Targeting the solvent accessible surface area (SASA) in proteins

DELFINO J.M; BERNAR, EM; GÓMEZ G.E

Castellón

Congreso; 6th International Iberian Biophysics Congress and X Iberoamerican Congress of Biophysics; 2018

The hydrophobic effect is widely regarded as the major driving force behind folding and interactions in proteins. Consequently, SASA and its counterpart, the excluded volume, become topographic descriptors of a given folding state. However, these fundamental signatures elude straightforward experimental scrutiny. With the aim at evaluating the size, location and nature of SASA, we introduced a photochemical approach mimicking the role played by the water solvent.
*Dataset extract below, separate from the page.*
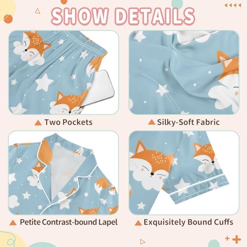 ALAZA Fox White Cloud Pajamas Satin Pajama Set Short Sleeve Button Down Sleepwear 4
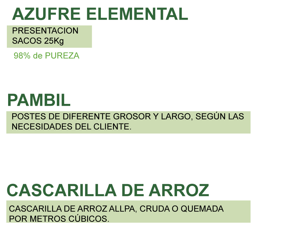 Allpa pone a disposición de los sectores productivos, opciones adicionales utilizados por los diferentes sectores. Ofrecemos azufre elemental ideal para la agricultura ORGANICA y para objetivos específicos.

The rather indiscriminate reaction of diazirine (DZN), a minute CNN heterocycle, with the polypeptide chain leaves a methylated trace as the new observable. Quantitative assessment of the extent of modification is possible through metrics based on radiochemical or mass spectrometric techniques. Unlike the former, the latest multidimensional NMR advance does not demand cleavage into peptides or amino acids to pinpoint the locale of labeling. A combined analysis, including 1H-NMR, 1H-15N-HSQC and 1H-13C-HSQC spectra, was carried out on the paradigm of E. coli thioredoxin (TRX). Methylation of amino acid side-chains represents the prevailing phenomenon, bearing dissimilar influence on backbone amide environments. Furthermore, inner surfaces such as those delimiting the boundaries of cavities, become prime targets for DZN. The fully consistent picture emerging from this footprint on solvent exposure illuminates relevant traits of protein conformation.